- TASK ITEM
Somewhere below, one line contains "Unpuff Patch es" and a later line contains "Earth's GravityThe weight". Output those two lines and everything between them exactly, and nothing else.
--------------------------------------------------
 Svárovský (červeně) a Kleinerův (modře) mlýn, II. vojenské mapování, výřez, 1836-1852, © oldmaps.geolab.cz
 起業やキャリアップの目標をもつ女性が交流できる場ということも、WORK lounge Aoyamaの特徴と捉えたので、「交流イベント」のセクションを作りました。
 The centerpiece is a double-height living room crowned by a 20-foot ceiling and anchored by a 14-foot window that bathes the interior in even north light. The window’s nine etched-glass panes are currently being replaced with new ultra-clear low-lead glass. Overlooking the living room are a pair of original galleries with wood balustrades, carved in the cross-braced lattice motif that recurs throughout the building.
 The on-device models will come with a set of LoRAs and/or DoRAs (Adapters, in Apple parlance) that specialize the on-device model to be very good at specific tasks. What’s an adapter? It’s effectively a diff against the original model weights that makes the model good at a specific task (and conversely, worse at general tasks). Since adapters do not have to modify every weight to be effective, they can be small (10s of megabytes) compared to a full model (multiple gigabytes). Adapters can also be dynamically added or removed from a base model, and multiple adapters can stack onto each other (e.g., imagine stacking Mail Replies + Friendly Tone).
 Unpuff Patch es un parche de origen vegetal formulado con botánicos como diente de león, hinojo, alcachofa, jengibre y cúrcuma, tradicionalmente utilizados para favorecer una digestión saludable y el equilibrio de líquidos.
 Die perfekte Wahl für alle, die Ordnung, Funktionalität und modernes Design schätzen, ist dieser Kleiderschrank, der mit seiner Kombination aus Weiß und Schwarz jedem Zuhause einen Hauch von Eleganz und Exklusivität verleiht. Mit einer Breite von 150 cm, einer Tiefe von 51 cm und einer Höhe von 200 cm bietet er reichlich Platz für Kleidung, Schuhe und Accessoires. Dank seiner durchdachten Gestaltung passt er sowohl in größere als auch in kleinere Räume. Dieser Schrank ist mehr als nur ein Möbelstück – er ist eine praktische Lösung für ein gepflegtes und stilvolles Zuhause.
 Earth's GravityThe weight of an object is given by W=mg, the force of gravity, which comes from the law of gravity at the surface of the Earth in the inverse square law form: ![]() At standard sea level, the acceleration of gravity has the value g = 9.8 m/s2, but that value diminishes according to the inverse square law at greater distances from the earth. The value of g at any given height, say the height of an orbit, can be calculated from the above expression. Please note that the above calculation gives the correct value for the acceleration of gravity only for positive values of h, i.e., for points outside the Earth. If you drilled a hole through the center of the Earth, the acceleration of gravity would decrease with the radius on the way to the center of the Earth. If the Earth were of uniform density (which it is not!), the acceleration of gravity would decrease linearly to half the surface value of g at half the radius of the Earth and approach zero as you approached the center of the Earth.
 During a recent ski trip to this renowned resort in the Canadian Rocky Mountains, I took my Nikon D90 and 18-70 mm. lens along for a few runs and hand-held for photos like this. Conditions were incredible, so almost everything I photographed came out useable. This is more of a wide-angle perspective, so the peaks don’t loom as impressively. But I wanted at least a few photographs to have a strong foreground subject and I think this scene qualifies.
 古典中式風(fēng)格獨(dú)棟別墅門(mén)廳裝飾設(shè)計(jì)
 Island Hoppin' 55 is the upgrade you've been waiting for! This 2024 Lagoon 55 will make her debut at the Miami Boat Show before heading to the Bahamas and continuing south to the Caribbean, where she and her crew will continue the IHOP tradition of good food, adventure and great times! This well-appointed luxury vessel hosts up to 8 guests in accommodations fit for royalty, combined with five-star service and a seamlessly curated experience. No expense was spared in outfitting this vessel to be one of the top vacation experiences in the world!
--------------------------------------------------
- ANSWER TO THIS TASK
 Unpuff Patch es un parche de origen vegetal formulado con botánicos como diente de león, hinojo, alcachofa, jengibre y cúrcuma, tradicionalmente utilizados para favorecer una digestión saludable y el equilibrio de líquidos.
 Die perfekte Wahl für alle, die Ordnung, Funktionalität und modernes Design schätzen, ist dieser Kleiderschrank, der mit seiner Kombination aus Weiß und Schwarz jedem Zuhause einen Hauch von Eleganz und Exklusivität verleiht. Mit einer Breite von 150 cm, einer Tiefe von 51 cm und einer Höhe von 200 cm bietet er reichlich Platz für Kleidung, Schuhe und Accessoires. Dank seiner durchdachten Gestaltung passt er sowohl in größere als auch in kleinere Räume. Dieser Schrank ist mehr als nur ein Möbelstück – er ist eine praktische Lösung für ein gepflegtes und stilvolles Zuhause.
 Earth's GravityThe weight of an object is given by W=mg, the force of gravity, which comes from the law of gravity at the surface of the Earth in the inverse square law form: ![]() At standard sea level, the acceleration of gravity has the value g = 9.8 m/s2, but that value diminishes according to the inverse square law at greater distances from the earth. The value of g at any given height, say the height of an orbit, can be calculated from the above expression. Please note that the above calculation gives the correct value for the acceleration of gravity only for positive values of h, i.e., for points outside the Earth. If you drilled a hole through the center of the Earth, the acceleration of gravity would decrease with the radius on the way to the center of the Earth. If the Earth were of uniform density (which it is not!), the acceleration of gravity would decrease linearly to half the surface value of g at half the radius of the Earth and approach zero as you approached the center of the Earth.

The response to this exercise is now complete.